АО должны быть близкими по энергии.
АО должны иметь одинаковую симметрию.
Принципы распределения эл-нов по МО:
Эл-ны заполняют орбитали в порядке возрастания их энергии.
На каждой орбитали должно быть не более 2 эл-нов (принцип Паули).
При наличии однотипных орбиталей их заполнение происходит в соответствии с правилом Хунда.
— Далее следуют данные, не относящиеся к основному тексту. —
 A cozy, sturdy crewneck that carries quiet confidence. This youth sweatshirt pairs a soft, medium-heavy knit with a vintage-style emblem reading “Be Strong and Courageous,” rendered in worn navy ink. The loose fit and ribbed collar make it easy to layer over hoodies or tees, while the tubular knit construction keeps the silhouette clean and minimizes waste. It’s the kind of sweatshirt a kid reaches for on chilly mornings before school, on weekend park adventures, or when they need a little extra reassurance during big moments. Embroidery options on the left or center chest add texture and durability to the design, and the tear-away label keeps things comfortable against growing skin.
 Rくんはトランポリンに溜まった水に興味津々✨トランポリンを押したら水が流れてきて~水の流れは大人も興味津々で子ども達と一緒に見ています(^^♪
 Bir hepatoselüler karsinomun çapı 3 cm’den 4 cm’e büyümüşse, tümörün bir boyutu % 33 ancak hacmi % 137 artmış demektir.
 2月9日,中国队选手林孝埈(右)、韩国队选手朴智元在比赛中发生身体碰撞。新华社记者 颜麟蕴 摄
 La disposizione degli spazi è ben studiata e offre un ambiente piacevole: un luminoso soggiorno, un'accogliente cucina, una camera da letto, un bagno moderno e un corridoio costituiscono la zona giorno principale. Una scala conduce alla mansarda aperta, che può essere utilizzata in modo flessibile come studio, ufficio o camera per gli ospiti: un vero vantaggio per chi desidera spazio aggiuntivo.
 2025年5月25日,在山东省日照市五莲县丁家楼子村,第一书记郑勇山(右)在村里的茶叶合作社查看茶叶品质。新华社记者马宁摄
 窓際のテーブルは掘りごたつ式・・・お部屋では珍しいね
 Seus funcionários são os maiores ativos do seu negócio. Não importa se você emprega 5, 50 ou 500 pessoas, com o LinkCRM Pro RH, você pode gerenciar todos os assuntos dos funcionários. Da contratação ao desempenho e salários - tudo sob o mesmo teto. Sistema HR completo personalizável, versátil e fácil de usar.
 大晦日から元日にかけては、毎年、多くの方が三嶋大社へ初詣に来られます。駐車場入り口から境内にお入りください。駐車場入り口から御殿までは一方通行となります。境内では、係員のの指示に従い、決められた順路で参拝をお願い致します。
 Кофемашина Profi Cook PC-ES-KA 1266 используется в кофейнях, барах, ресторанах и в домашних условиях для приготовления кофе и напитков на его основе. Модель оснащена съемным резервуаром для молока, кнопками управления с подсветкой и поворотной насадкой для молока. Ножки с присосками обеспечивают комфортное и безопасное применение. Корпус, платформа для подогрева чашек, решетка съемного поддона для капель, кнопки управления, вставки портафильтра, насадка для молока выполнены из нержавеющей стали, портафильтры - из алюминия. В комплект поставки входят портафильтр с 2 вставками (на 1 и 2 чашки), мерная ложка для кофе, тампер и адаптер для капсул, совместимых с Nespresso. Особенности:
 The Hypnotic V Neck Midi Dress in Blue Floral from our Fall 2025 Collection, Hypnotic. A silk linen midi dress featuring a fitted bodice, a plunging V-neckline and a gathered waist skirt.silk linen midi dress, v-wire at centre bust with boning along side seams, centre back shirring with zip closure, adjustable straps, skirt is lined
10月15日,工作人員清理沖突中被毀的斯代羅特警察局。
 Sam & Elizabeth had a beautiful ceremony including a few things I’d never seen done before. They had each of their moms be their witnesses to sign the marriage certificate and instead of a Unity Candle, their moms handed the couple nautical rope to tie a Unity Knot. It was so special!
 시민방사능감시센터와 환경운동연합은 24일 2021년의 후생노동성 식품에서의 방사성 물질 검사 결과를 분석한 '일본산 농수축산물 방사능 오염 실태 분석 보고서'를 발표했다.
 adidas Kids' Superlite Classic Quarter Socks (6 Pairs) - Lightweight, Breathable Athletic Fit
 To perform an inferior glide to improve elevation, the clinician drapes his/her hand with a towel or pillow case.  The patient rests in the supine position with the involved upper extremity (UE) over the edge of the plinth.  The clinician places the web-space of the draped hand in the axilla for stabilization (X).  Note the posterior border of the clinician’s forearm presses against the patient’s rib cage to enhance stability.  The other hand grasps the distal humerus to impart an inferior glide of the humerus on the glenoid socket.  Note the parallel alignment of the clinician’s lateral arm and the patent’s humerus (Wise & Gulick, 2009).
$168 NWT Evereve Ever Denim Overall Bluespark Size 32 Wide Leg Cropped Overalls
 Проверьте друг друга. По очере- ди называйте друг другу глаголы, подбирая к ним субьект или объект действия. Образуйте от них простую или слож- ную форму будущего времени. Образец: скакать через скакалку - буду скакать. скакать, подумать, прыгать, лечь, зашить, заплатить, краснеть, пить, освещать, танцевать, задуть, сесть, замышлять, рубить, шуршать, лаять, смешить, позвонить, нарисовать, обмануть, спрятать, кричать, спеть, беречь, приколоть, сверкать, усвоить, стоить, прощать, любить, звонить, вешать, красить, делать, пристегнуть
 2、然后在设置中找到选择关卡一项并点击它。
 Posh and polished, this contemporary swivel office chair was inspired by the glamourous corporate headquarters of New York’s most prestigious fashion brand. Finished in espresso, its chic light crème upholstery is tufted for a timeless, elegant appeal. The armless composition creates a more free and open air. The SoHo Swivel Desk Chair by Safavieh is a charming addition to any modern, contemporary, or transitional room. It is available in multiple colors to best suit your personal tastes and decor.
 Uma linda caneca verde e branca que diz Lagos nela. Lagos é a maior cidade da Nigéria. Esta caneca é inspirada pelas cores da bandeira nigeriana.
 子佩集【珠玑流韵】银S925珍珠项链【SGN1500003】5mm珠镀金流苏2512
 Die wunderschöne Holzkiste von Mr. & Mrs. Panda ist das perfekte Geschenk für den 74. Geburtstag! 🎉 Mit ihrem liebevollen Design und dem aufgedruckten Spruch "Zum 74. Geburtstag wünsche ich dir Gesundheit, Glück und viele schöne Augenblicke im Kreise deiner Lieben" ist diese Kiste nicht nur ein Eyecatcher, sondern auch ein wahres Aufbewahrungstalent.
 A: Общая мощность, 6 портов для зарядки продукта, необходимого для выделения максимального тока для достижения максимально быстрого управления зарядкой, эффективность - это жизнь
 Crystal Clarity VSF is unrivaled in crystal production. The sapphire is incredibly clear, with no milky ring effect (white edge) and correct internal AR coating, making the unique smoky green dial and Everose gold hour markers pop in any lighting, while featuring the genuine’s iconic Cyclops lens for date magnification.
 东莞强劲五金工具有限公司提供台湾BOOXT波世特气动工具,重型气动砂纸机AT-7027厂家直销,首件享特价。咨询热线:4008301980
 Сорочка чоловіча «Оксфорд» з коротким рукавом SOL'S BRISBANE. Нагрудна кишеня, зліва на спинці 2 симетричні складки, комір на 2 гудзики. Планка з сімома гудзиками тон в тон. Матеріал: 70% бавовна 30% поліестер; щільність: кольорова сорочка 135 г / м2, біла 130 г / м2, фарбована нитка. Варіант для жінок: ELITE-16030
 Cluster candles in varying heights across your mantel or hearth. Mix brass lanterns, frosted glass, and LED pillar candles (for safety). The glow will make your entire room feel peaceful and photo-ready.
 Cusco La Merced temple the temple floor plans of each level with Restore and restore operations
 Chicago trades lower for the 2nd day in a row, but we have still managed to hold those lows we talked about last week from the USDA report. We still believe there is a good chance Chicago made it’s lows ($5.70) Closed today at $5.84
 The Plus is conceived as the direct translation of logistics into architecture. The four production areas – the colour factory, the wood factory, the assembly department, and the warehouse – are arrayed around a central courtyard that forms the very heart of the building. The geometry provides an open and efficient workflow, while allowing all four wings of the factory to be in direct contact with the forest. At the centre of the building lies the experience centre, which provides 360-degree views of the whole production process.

Порядок связи = (число эл-нов на связывающих МО – число эл-нов на разрыхляющих МО)/ 2(n-1), где n – число атомов в молекуле.
Сравнение методов.
Общее: оба метода основаны на квантово-механическом расчете; существует понятие об обобществлении эл-нов ( метод ВС – между двумя атомами, метод МО – между всеми); учитывают симметрию взаимодействия (σ и π взаимодействия); оба метода являются приближенными.
Метод ВС: Плюсы: прост, нагляден, позволяет выделить отдельные связи, можно определить геометрию молекул, хорошо прогнозирут свойства s и p элементов, комплексных соединений.
Минусы: приближенный, допускает возбужденное состояние, много допущений (напр, электрон-дефицитные связи).
Метод МО: Плюсы: характеризует молекулу в целом, неплохо описывает экспериментальные данные (магнитные, оптические свойства)
Минусы: нельзя предсказать геометрию молекул, сложный расчет.